Your task is to copy the lines of the data below from the line holding "而且模型带这个负的scale" through the line holding "2017年1月8日,第11屆", inclusive, exactly and with nothing added.
Supplied data below:
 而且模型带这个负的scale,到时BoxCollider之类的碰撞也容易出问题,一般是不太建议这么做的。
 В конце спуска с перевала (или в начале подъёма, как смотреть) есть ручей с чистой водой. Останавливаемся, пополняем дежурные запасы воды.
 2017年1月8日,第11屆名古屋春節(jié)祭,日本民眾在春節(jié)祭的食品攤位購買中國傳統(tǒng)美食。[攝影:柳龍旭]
End of Supplied data.
Supplied data below:
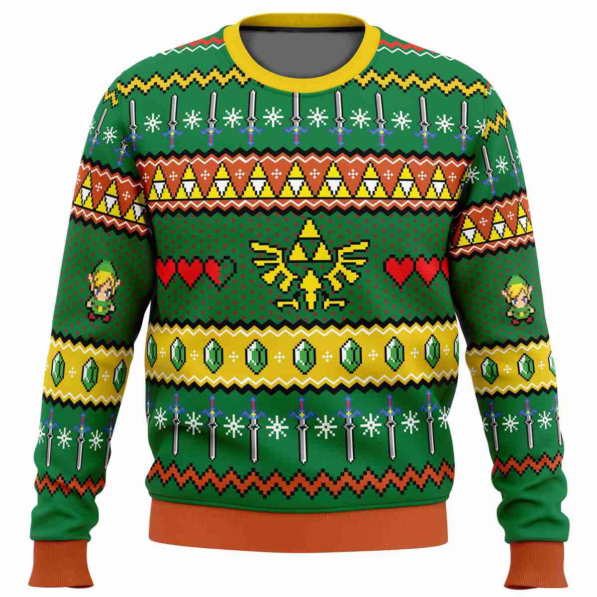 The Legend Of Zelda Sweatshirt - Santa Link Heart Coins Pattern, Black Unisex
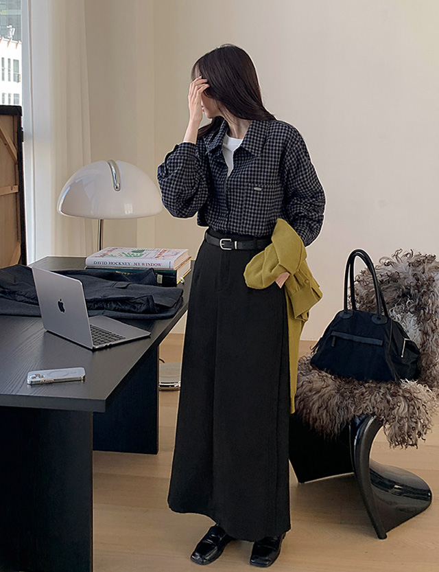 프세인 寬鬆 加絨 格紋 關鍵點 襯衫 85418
End of Supplied data.
**Finished exercise**
 而且模型带这个负的scale,到时BoxCollider之类的碰撞也容易出问题,一般是不太建议这么做的。
 В конце спуска с перевала (или в начале подъёма, как смотреть) есть ручей с чистой водой. Останавливаемся, пополняем дежурные запасы воды.
 2017年1月8日,第11屆名古屋春節(jié)祭,日本民眾在春節(jié)祭的食品攤位購買中國傳統(tǒng)美食。[攝影:柳龍旭]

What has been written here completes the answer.